**Exercise requirements**
Skip all pictures; return exactly the lines from the one containing "Tapeta Tamna pozadina" through the end of the data.

**Exercise data**
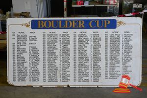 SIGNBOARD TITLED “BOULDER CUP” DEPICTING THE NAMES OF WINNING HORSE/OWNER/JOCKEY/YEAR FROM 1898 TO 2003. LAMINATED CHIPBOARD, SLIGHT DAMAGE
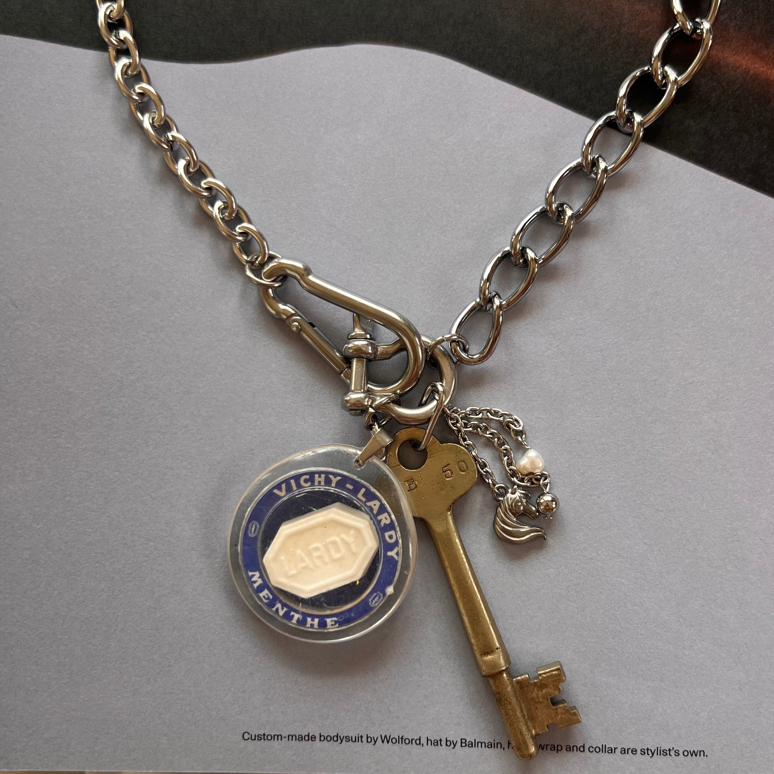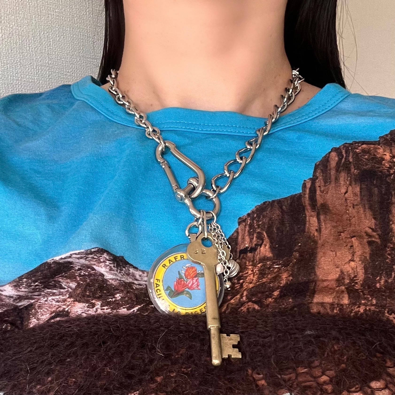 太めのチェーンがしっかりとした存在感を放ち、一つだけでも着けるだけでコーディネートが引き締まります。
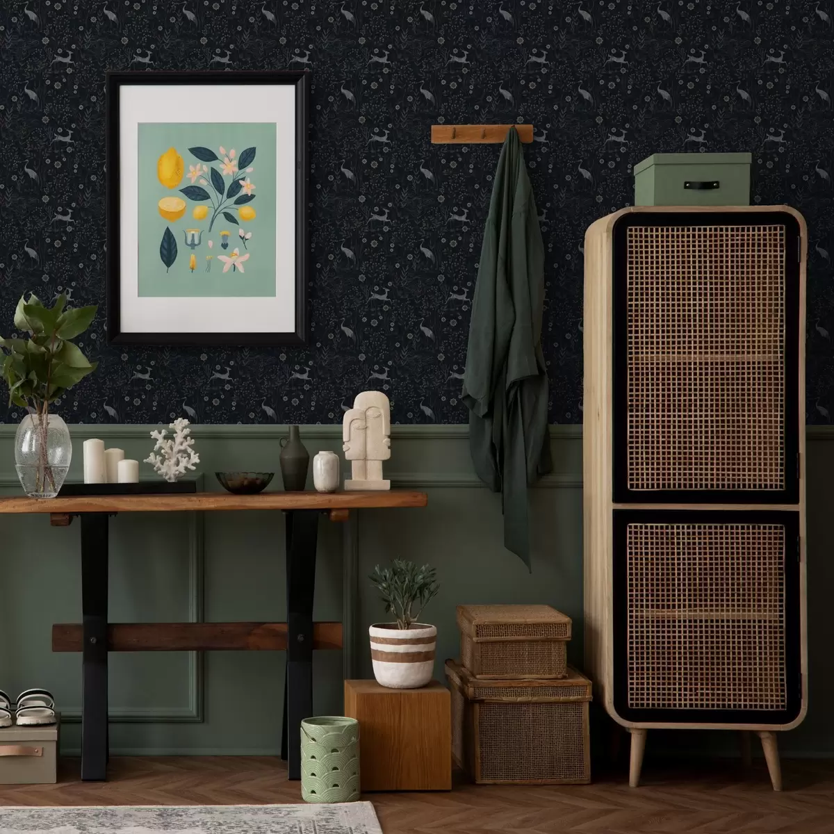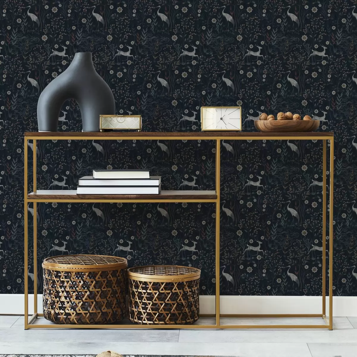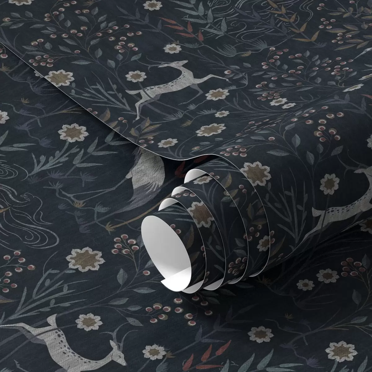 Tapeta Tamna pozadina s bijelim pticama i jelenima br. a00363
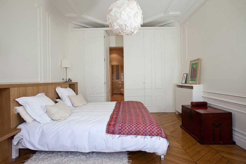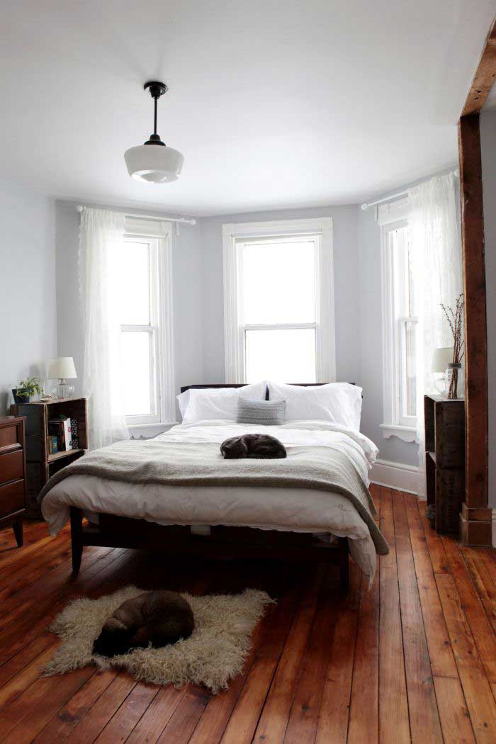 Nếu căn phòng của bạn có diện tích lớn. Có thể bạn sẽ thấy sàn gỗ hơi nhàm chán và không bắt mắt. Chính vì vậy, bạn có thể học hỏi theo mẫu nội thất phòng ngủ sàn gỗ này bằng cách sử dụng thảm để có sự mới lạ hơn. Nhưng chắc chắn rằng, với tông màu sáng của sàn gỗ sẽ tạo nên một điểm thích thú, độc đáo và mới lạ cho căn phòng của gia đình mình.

**Written answer**
 Tapeta Tamna pozadina s bijelim pticama i jelenima br. a00363
 Nếu căn phòng của bạn có diện tích lớn. Có thể bạn sẽ thấy sàn gỗ hơi nhàm chán và không bắt mắt. Chính vì vậy, bạn có thể học hỏi theo mẫu nội thất phòng ngủ sàn gỗ này bằng cách sử dụng thảm để có sự mới lạ hơn. Nhưng chắc chắn rằng, với tông màu sáng của sàn gỗ sẽ tạo nên một điểm thích thú, độc đáo và mới lạ cho căn phòng của gia đình mình.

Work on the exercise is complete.